*** Opening The data ***
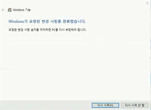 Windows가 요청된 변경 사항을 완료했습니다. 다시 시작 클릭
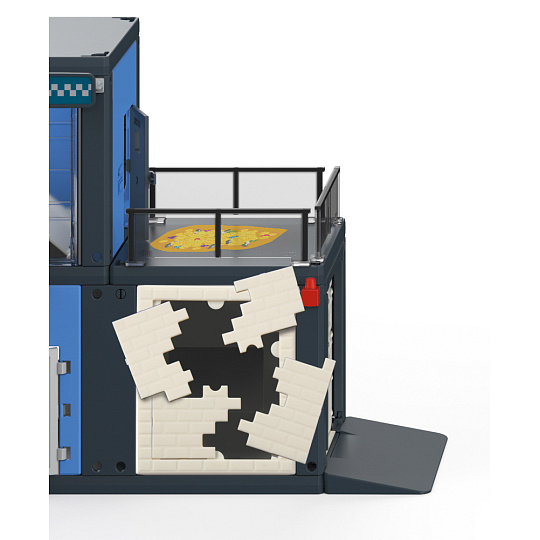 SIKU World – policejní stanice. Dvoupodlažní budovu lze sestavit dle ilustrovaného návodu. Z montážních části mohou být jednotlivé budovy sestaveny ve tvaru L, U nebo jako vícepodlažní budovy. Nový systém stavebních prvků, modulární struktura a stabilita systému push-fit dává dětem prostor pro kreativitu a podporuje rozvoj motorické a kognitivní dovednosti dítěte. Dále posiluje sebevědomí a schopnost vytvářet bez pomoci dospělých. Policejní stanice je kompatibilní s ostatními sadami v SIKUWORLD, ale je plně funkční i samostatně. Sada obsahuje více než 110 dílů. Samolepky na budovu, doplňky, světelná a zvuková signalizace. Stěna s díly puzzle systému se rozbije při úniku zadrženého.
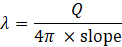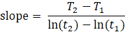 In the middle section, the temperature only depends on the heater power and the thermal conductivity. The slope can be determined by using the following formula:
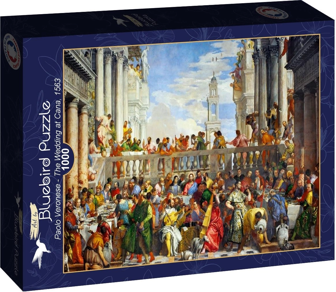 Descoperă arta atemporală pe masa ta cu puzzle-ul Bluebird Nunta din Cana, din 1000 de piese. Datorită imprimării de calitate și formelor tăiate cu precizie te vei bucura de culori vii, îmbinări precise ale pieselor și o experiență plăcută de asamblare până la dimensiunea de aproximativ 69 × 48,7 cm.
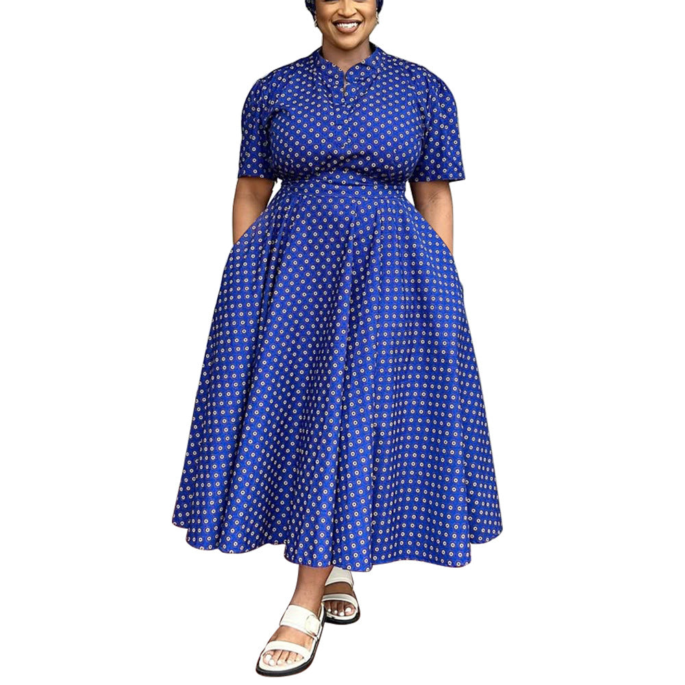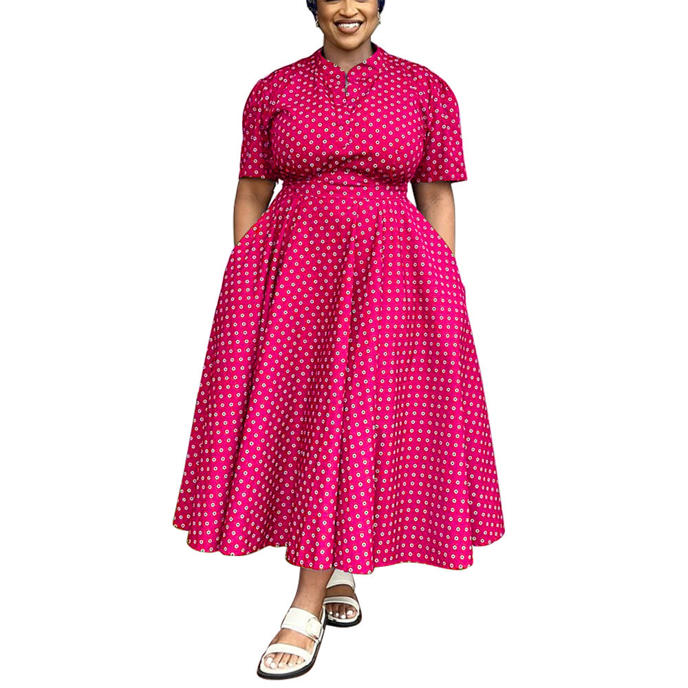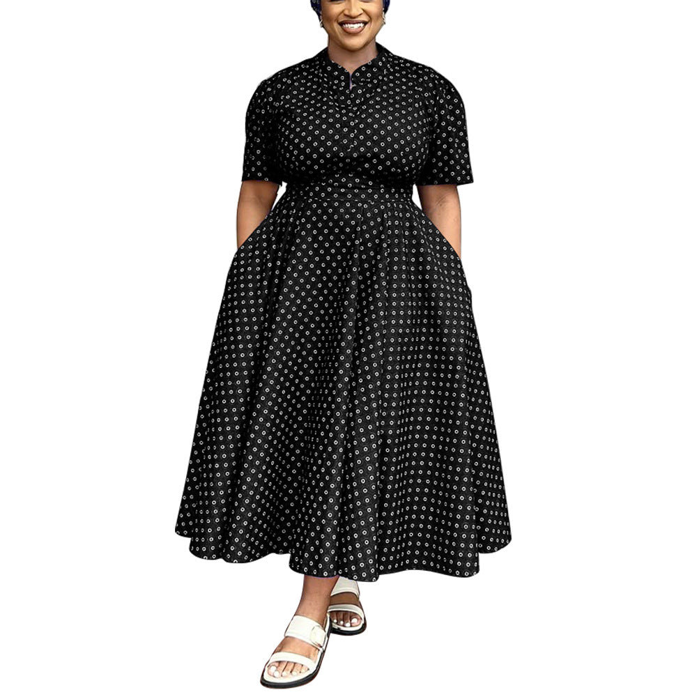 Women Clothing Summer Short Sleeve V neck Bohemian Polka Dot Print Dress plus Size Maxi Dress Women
*** Closing The data ***
- Problem description
A precise repetition of every entry, free of pictures, is the expected answer.

- Reply
 Windows가 요청된 변경 사항을 완료했습니다. 다시 시작 클릭
 SIKU World – policejní stanice. Dvoupodlažní budovu lze sestavit dle ilustrovaného návodu. Z montážních části mohou být jednotlivé budovy sestaveny ve tvaru L, U nebo jako vícepodlažní budovy. Nový systém stavebních prvků, modulární struktura a stabilita systému push-fit dává dětem prostor pro kreativitu a podporuje rozvoj motorické a kognitivní dovednosti dítěte. Dále posiluje sebevědomí a schopnost vytvářet bez pomoci dospělých. Policejní stanice je kompatibilní s ostatními sadami v SIKUWORLD, ale je plně funkční i samostatně. Sada obsahuje více než 110 dílů. Samolepky na budovu, doplňky, světelná a zvuková signalizace. Stěna s díly puzzle systému se rozbije při úniku zadrženého.
 In the middle section, the temperature only depends on the heater power and the thermal conductivity. The slope can be determined by using the following formula:
 Descoperă arta atemporală pe masa ta cu puzzle-ul Bluebird Nunta din Cana, din 1000 de piese. Datorită imprimării de calitate și formelor tăiate cu precizie te vei bucura de culori vii, îmbinări precise ale pieselor și o experiență plăcută de asamblare până la dimensiunea de aproximativ 69 × 48,7 cm.
 Women Clothing Summer Short Sleeve V neck Bohemian Polka Dot Print Dress plus Size Maxi Dress Women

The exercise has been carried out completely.